I mean, we have already two other poorly sketched black characters, so buh bye Theodore Douglas. We didn’t know shit about your life previous to the zombie apocalypse, we could rely on you to stand blackly in the background, and maybe utter a line or two that literally anyone else could for the entire show. Sniff. Smell you later.

Which brings me to Lori. Her arc with the pregnancy has been riddled with some gender bullshit, down to whatever magical drug she sent Glenn off to get in whatever episode when she made the baby Jesus cry for even considering abortion in the zombie apocalypse. And Walking Dead isn’t the first or the last show that pulls out the egregious birthin’ babies scenes, but come the fuck on. The average labor takes twelve hours, which doesn’t do when you’re parceling out some ham-fisted dialogue and bloody body horror. OMG!! TEH BIRTHIN’ BABIES.
Okay, whatever, I’m calming down. I wrote on an envelope near my computer the following lines, spoken by The Guv: “The scenery has changed, the landscape, but the way we think…” He doesn’t complete the thought, but my widdle ears perked up at this statement because of some personal wacky theories that are mine and mine alone.

Zombie stories are on some level landscape pictures that run the slow pan over the American landscape and take our pulse or the lack thereof about what we think about soil and race and movement and teh wimmens. Landscape pictures tend to be male holdouts, Alamos of homosocial enclaves – like a prison? Just saying – and it’s not a huge surprise that a show that is setting up a soft-spoken lunatic against an ironically not-so-effective badass – seriously, Rick, make sure the dude is dead when you consign him to death, lest dramatic irony bite you (or T-Dog) in the ass – would spend this domestic death this way. Zombie narratives are hell on domesticity – they tend to make it shallow and worthless – but it really could have been something if Lori could stick around to do something other than die valiantly and womanly in a big freaking gross out. Jesus Christ.

Ugh.
I’m acting like I hated this episode, which isn’t really accurate. Lincoln continues to impress, with his near wordless reactions that cut more deeply than his wife’s loss, though Carl’s flinty-eyed pre-teen of death routine I could do without. I thought most of the scenes with The Guv were unnecessary – Andrea is being a big dumb girl; Michonne can scowl and make lamely leading statements – but other than my usual racial and gender bitches with the writing, the action in the prison was taunt and fun to watch. And I’m going to give the writers mad props for writing in this level of character death on episode freaking four. Let’s just hope it isn’t for nothing. Killing Lori off certainly clears the ground, but we’ll see what they plant in her place.

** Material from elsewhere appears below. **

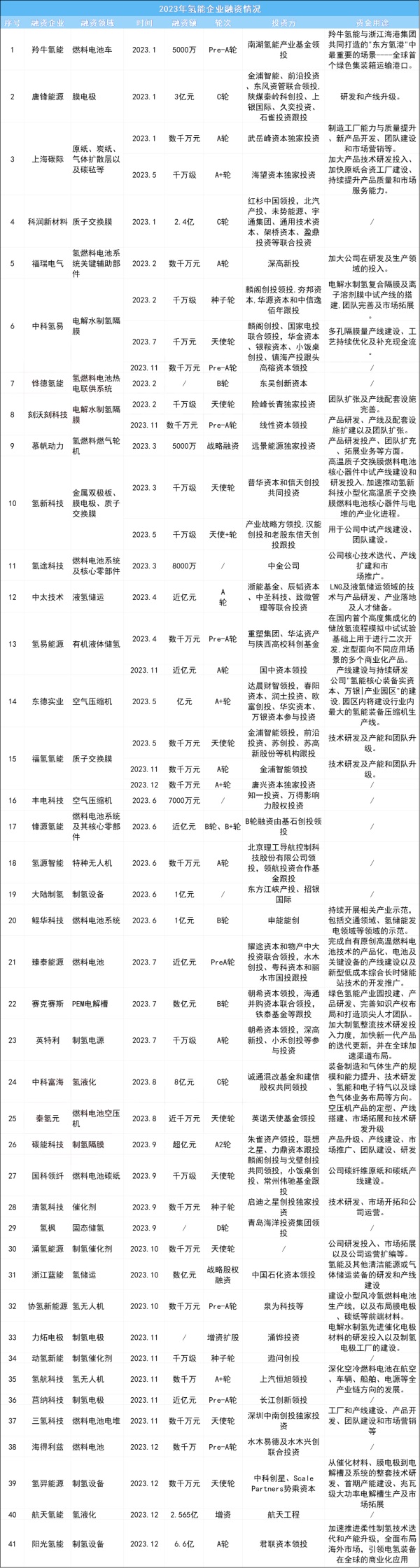 在2023年氫能企業(yè)的融資熱潮中,有15家企業(yè)成功獲得了單筆億元以上的融資,而6家企業(yè)更是完成了2輪以上的融資。其中,中科氫易和蘇州福氫兩家企業(yè)在短短的10個(gè)月和7個(gè)月內(nèi)分別完成了3輪融資,展現(xiàn)出強(qiáng)勁的發(fā)展勢(shì)頭。

2 thoughts on “Review: Walking Dead: Killer Within”

  1. Nice post. I almost feel like Lori got off on her predicament, as fucked up as that is. She was all, “YESSS!!! Baby BREACHED!!! I get my dramatic exit!!!” That woman couldn’t wait to deliver the whole “and don’t forget to stab me in the brains when your’e done” martyr line.

    Moaning Rick really unwound me, though. (As did TEH CHILE straight-facedly blowing his mommy’s face off, but that unwound me in a different way, like by making me want to vomit.) When Maggie came out holding the baby with no Lori, his reaction disturbed me. Maybe because he’s mostly emotionless, so his tears meant something to me? I don’t know.

    Oh, and by the way, I’m totally the fuck in love with Lauren Cohan.